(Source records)
=-=-=
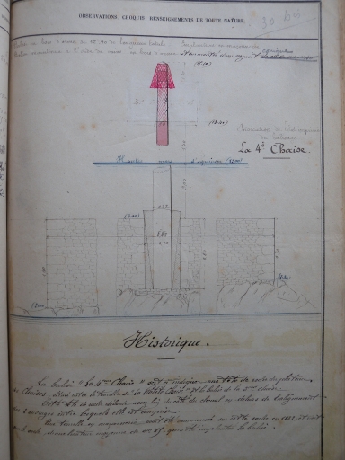 Dessin aquarellé de la perche 'La 4ème Chaise', 3ème quart 20ème siècle (DDE 22, Service des Phares et Balises)Immatriculation
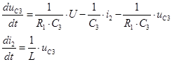 1) Для t≥0 получим систему уравнений метода переменных состояния. Используя законы Кирхгофа, составим систему уравнений:
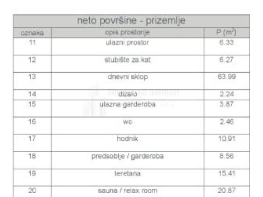 Prizemlje: ulazni prostor, WC, kuhinja s blagovaonicom, dnevni boravak,galerija/ hodnik, stubište i DIZALO, privatna teretana i sauna/relax zona, natkriveni i nenatkriveni vanjski prostori s bazenom
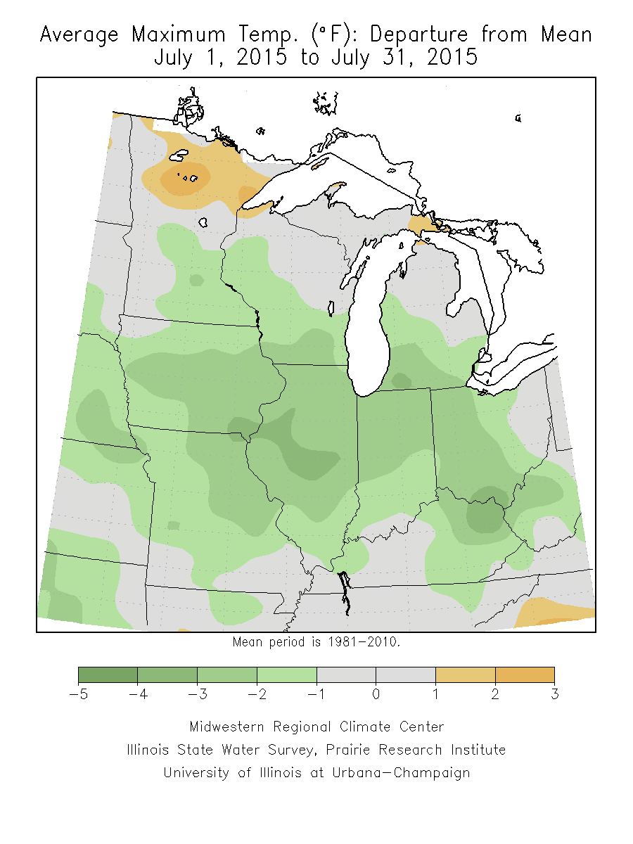 The average temperature for July across northeast Minnesota, Wisconsin, and Michigan was between 65 to 70°F (Figure 1). The rest of Minnesota heading southward towards the Ohio River warmed into the lower to mid-70’s, reaching an average temperature between 75 to 80°F upon entering Missouri, the southern half of Illinois, the southern two-thirds of Ohio, and much of Kentucky. These temperatures were for the most part seasonal, with average temperatures 1 to 3°F cooler than normal across the center portion of the Midwest region and temperatures across northern Minnesota and southern Missouri 1 to 3°F warmer than normal on average (Figure 2). The monthly average maximum temperature reduced monthly average temperature with cooler than average maximum high temperatures across a vast majority of the region (Figure 3). Only northern Minnesota really experienced maximum monthly temperatures greater than 1°F from normal. The average minimum temperature for July in the region was above normal in the northern and southern portions of the Midwest region, and seasonal to cooler across the central portion of the region (Figure 4). Illinois, Indiana, Iowa, Michigan, Ohio, and Wisconsin all experienced average temperatures cooler than normal by about 1°F. Only Kentucky, Michigan, and Minnesota witnessed warmer than normal monthly temperatures, though none by more than 0.6°F. This had the region rank as the 44th coolest July on record.
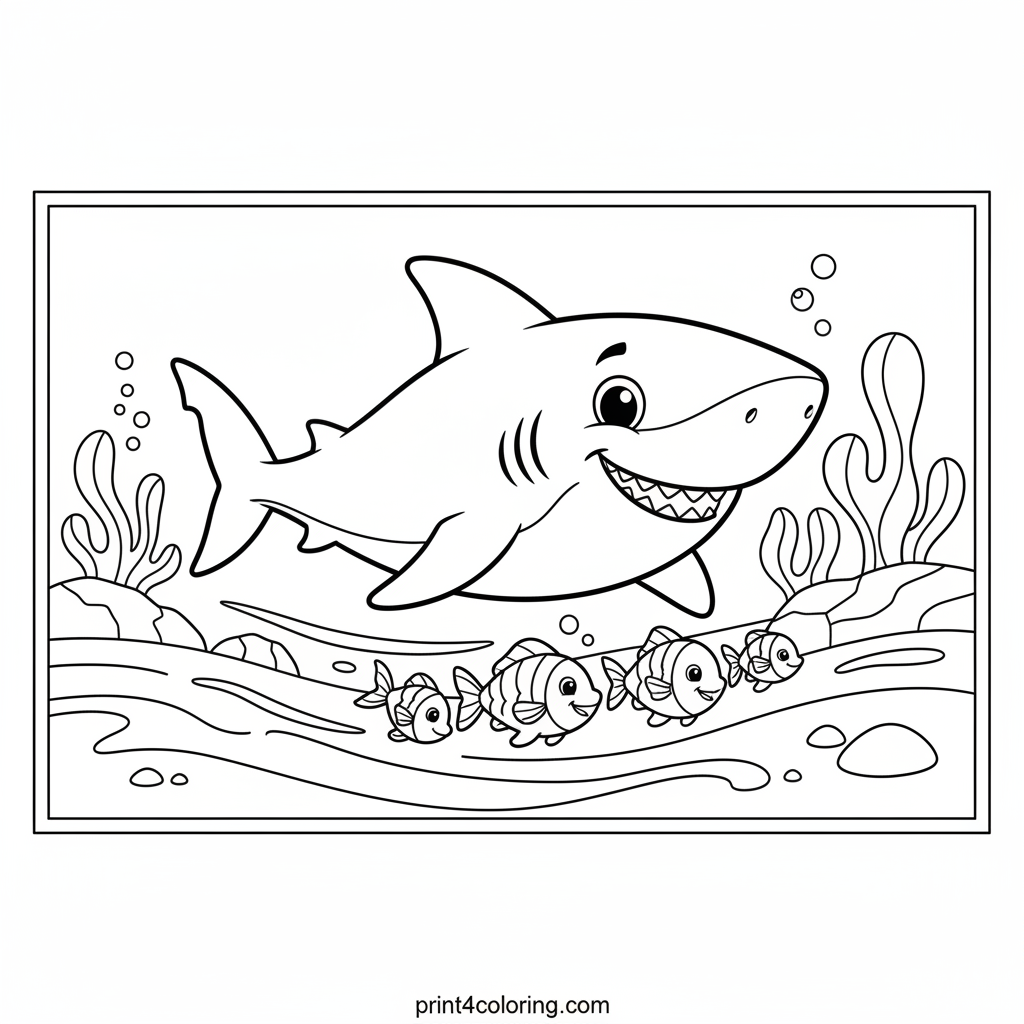 Dive into an exciting underwater adventure! A friendly, speedy shark is having a super fun race through the sparkling blue ocean. Can you help the sleek shark zoom past the quick school of fish? Grab your crayons and bring this thrilling deep-sea chase to life with vibrant colors!
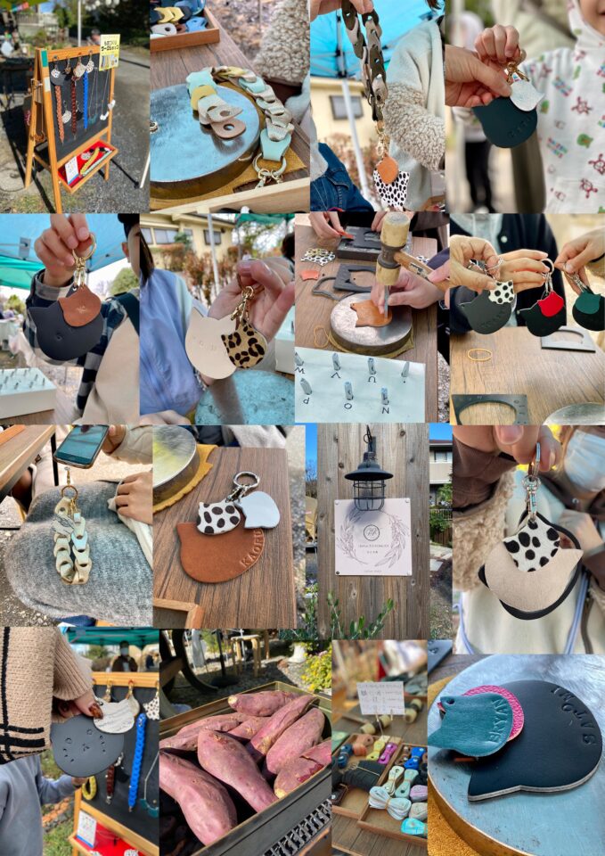 革のパーツを組み合わせて作るストラップと、猫の形のチャームにアルファベットの名入れをするワークショップです。
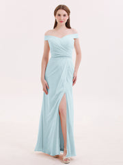Chiffon Off Shoulder Dresses with Slit-Mist
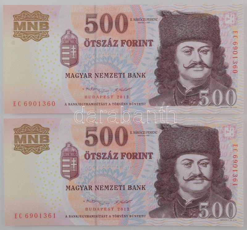 2013. 500Ft (2x) sorszámkövetők "EC 6901360 - EC 6901361" T:AU
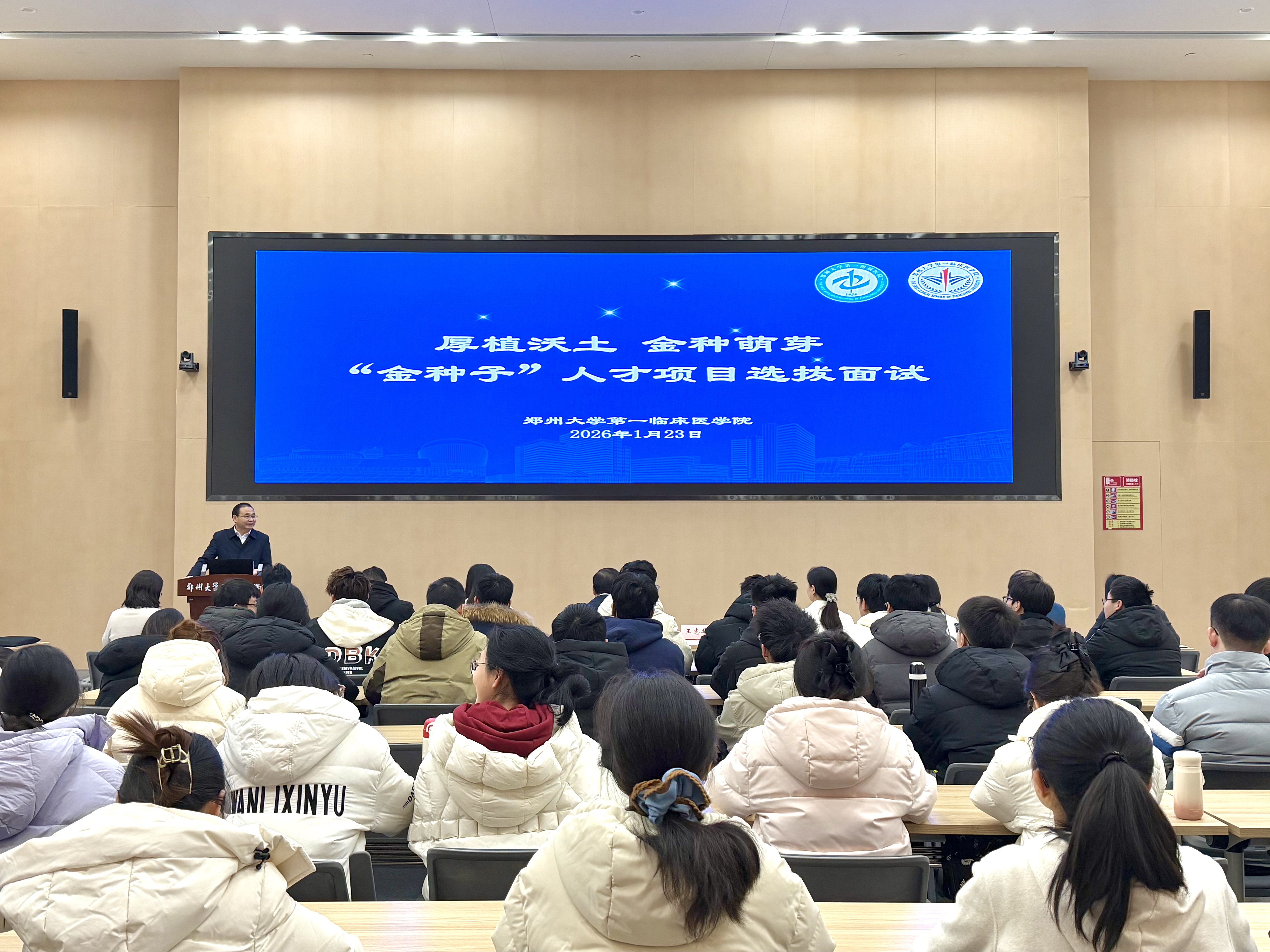 1月23日,郑州大学第一临床医学院第四期“金种子”人才培养项目面试选拔会在河医院区科教楼会议中心成功举行。学院执行院长高剑波、副院长王志举、研究生办公室主任张会芹、临床医学5+3管理办公室主任贾玲玉出席选拔会。唐俊楠、张旭东、边志磊、宋学勤、张永高、崔光莹六位教授受邀担任评审专家,对来自2022级临床医学(5+3一体化)专业的23名优秀候选人进行综合选拔。2025级临床医学(5+3一体化沈琼班)专业学生到场进行观摩学习。本次选拔工作由王志举主持。
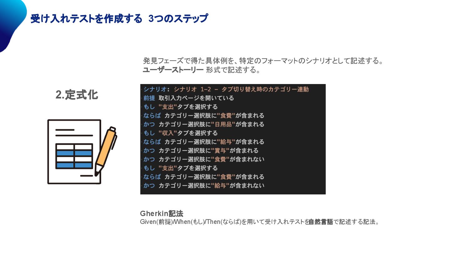 受け入れテストを作成する 3つのステップ 発見フェーズで得た具体例を、特定のフォーマットのシナリオとして記述する。 ユーザーストーリー 形式で記述する。 Gherkin記法 Given(前提)/When(もし)/Then(ならば)を用いて受け入れテストを 自然言語で記述する記法。 2.定式化
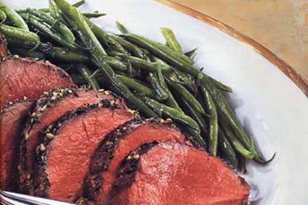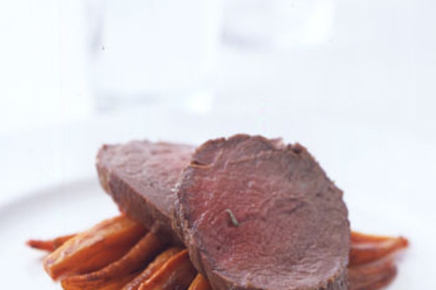 Жареная Говяжья вырезка с травами и специями и соусом из красного вина и лука-шалота
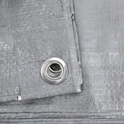 Na obwodzie rozmieszczono metalowe oczka do szybkiego wiązania i mocowania do wiaty, ogrodzenia lub konstrukcji. Plandeka trzyma się nawet przy wietrze.
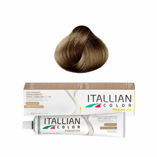 COLORAÇÃO PREMIUM PERMANENTE 60G ITALLIAN COLOR A coloração Permanente Premium Itallian Color atinge o núcleo do cabelo proporcionando uma cor homogênea, de longa duração e muito brilho. Sua fórmula possui alta concentração de pigmentos capazes de realizar a cobertura de 100% dos fios brancos. Essa perfeita combinação de substâncias propicia uma cor uniforme, luminosidade e intensidade. A ampla variação de tons favorece infinitas combinações de cores para os cabelos. Exclusivo sistema de coloração 1+1,5 com baixo teor de amônia e corantes de alta tecnologia resistentes à luz e lavagens, garante alta qualidade ao produto. Composta por 75 cores misturáveis entre si, permite a criação de infinitas nuances tornando únicas as criações do profissional cabeleireiro. Além de proporcionar 100% de cobertura dos cabelos brancos. Ativo da coloração: O DENSFOR PRO é a combinação de peptídeos que estimulam o metabolismo celular, associado a uma combinação de flavonoides e ácido retirado da folha da oliveira que atuam no estímulo do couro cabeludo e Vitamina E com ação antioxidante. Este ativo atua no couro cabeludo aumentando a microcirculação do folículo piloso proporcionando emoliência e fortalecimento dos fios. Brilho acentuado Proporciona umectação e emoliência aos fios DICA DE APLICAÇÃO: Para cabelo com alto percentual de brancos: Misture 60g de Coloração Itallian Color com 90ml de Itallian Oxi 20 ou 30 Volumes, de acordo com o diagnóstico profissional. Aplique e deixe em pausa por 40 minutos. Para cabelo natural: Misture 60g de Coloração Itallian Color com 90ml de Itallian Oxi 20, 30 ou 40 Volumes, de acordo com o diagnóstico profissional. Aplique sobre os cabelos, deixando em pausa por 35 minutos. Retoque de raiz: Misture 60g de Coloração Itallian Color com 90ml de Itallian Oxi 20, 30 ou 40 Volumes, de acordo com o diagnóstico profissional. Aplique na raiz e deixe agir por 25 minutos. Após esse tempo, aplique o restante da mistura no comprimento e pontas e deixe em pausa por mais 10 minutos. Importante: O tempo total de aplicação não deve ser superior ao indicado. Utilize sempre Itallian Oxi de 20, 30 ou 40 Volumes e siga a proporção recomendada de 1 + 1,5. Escolha a técnica de aplicação e a volumagem do oxidante de acordo com o resultado desejado e com as condições do fio. Nesse ponto, o diagnóstico profissional é essencial. ESSE ANÚNCIO CONTÉM: 01 Coloração 8.1 Louro Claro Cinza | Itallian Color
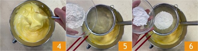 Mélangez délicatement 4, puis tamisez la farine 00 5 et la levure 6 dans la pâte.
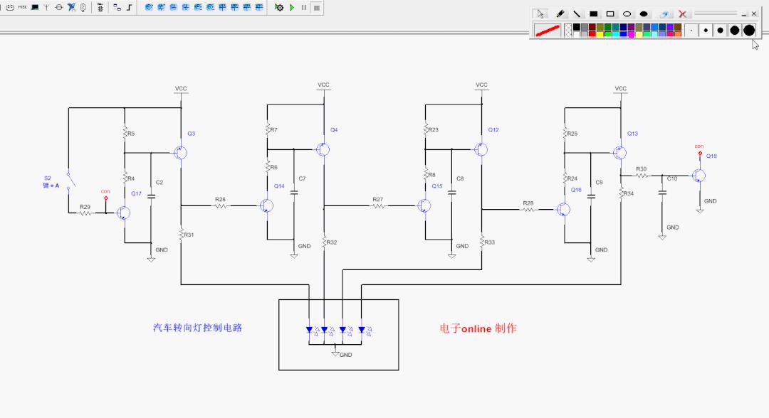 二、當(dāng)轉(zhuǎn)向開關(guān)被按下時(shí),NPN流過Ib電流,所以NPN導(dǎo)通,此時(shí)PNP也會(huì)流過Ib電流,PNP也會(huì)導(dǎo)通。所以LED獲得電壓,從而被點(diǎn)亮。
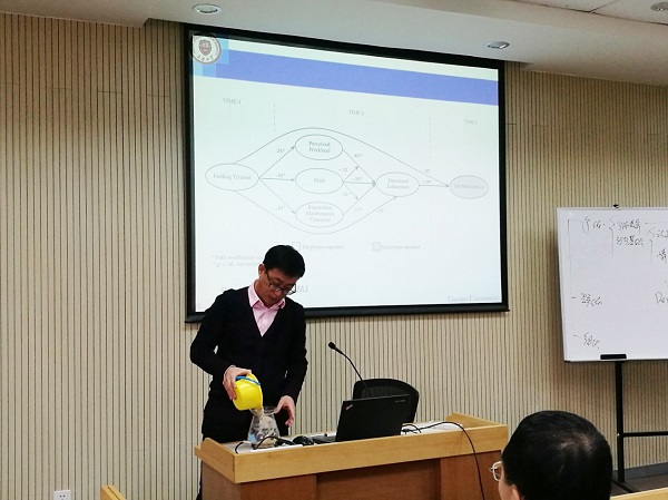 各参赛教师高度重视本次讲课大赛,赛前做了充分的准备,在15分钟的讲授时间里将管理经济学科的魅力展现的淋漓尽致。如潘静洲讲授《组织行为学》中的情绪管理,用诙谐幽默的语言讲述生活中的例子,在讲课最后还用实验的方式表现人的情绪是有限的这一概念;刘大勇在介绍《经济学》中的价格弹性时,用动画的形式深入浅出的讲解这一价值规律;吴懿讲授《电子支付原理》中的移动支付,用视频的形式引入话题,并举了大量生活中的实例进行讲解。各位老师的讲解精彩纷呈,体现出了经管移花宫青年教师较高的授课水平。
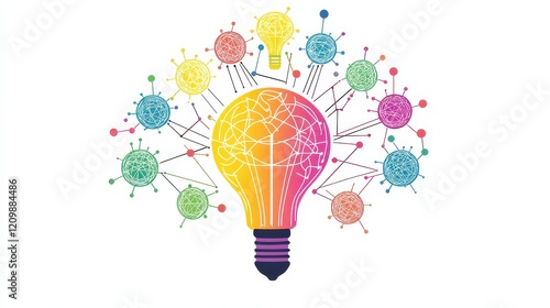 a creative mind map chart clipart, brainstorming process element, colorful connected nodes, flat design, isolated on white background
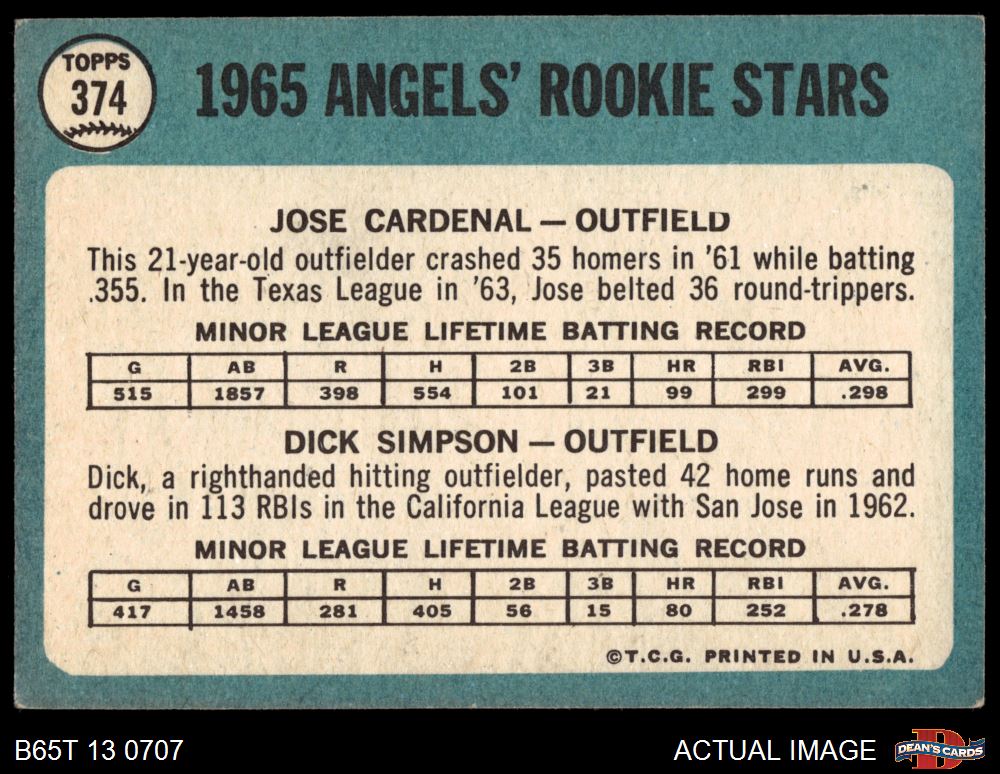 1965 Topps #374 - Jose Cardenal / Dick Simpson Angels Rookies 2.5 - GD+
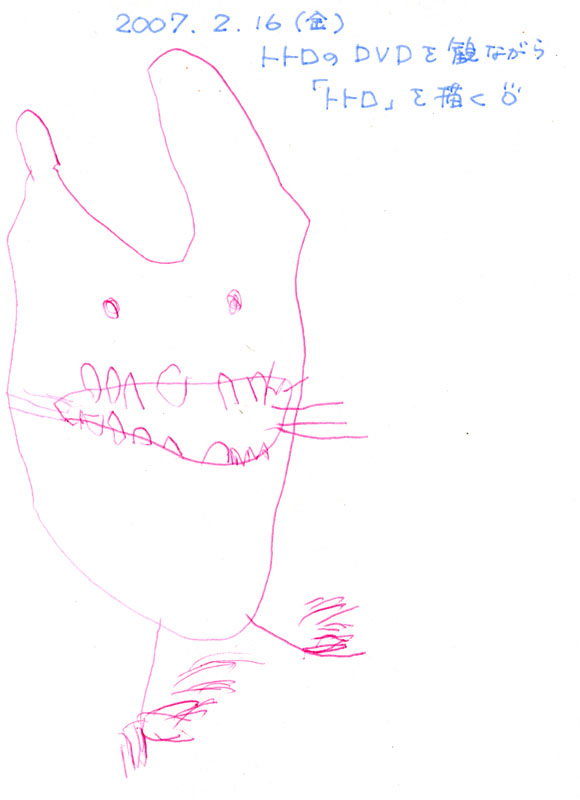 ぐぁおぉ〜〜〜!そのシーンから抜き出された逸品!!既に動画から印象深いシーンを抜き出す才能と共に、口から伸びる線が大声を表現しているあたりは『見えないもの』も表現するという才能も体得済らしい。今後は、モビルスーツへと発展して行くことは必至と思われる。 2007年2月16日 |
=-=-=
◆ TRY IT: Above are the records; return the lines in them from the one with "Dive into an" to the one with "Na obwodzie rozmieszczono", inclusive, exactly and without images.

◆ TASK ANSWER:
 Dive into an exciting underwater adventure! A friendly, speedy shark is having a super fun race through the sparkling blue ocean. Can you help the sleek shark zoom past the quick school of fish? Grab your crayons and bring this thrilling deep-sea chase to life with vibrant colors!
 革のパーツを組み合わせて作るストラップと、猫の形のチャームにアルファベットの名入れをするワークショップです。
Chiffon Off Shoulder Dresses with Slit-Mist
 2013. 500Ft (2x) sorszámkövetők "EC 6901360 - EC 6901361" T:AU
 1月23日,郑州大学第一临床医学院第四期“金种子”人才培养项目面试选拔会在河医院区科教楼会议中心成功举行。学院执行院长高剑波、副院长王志举、研究生办公室主任张会芹、临床医学5+3管理办公室主任贾玲玉出席选拔会。唐俊楠、张旭东、边志磊、宋学勤、张永高、崔光莹六位教授受邀担任评审专家,对来自2022级临床医学(5+3一体化)专业的23名优秀候选人进行综合选拔。2025级临床医学(5+3一体化沈琼班)专业学生到场进行观摩学习。本次选拔工作由王志举主持。
 受け入れテストを作成する 3つのステップ 発見フェーズで得た具体例を、特定のフォーマットのシナリオとして記述する。 ユーザーストーリー 形式で記述する。 Gherkin記法 Given(前提)/When(もし)/Then(ならば)を用いて受け入れテストを 自然言語で記述する記法。 2.定式化
 Жареная Говяжья вырезка с травами и специями и соусом из красного вина и лука-шалота
 Na obwodzie rozmieszczono metalowe oczka do szybkiego wiązania i mocowania do wiaty, ogrodzenia lub konstrukcji. Plandeka trzyma się nawet przy wietrze.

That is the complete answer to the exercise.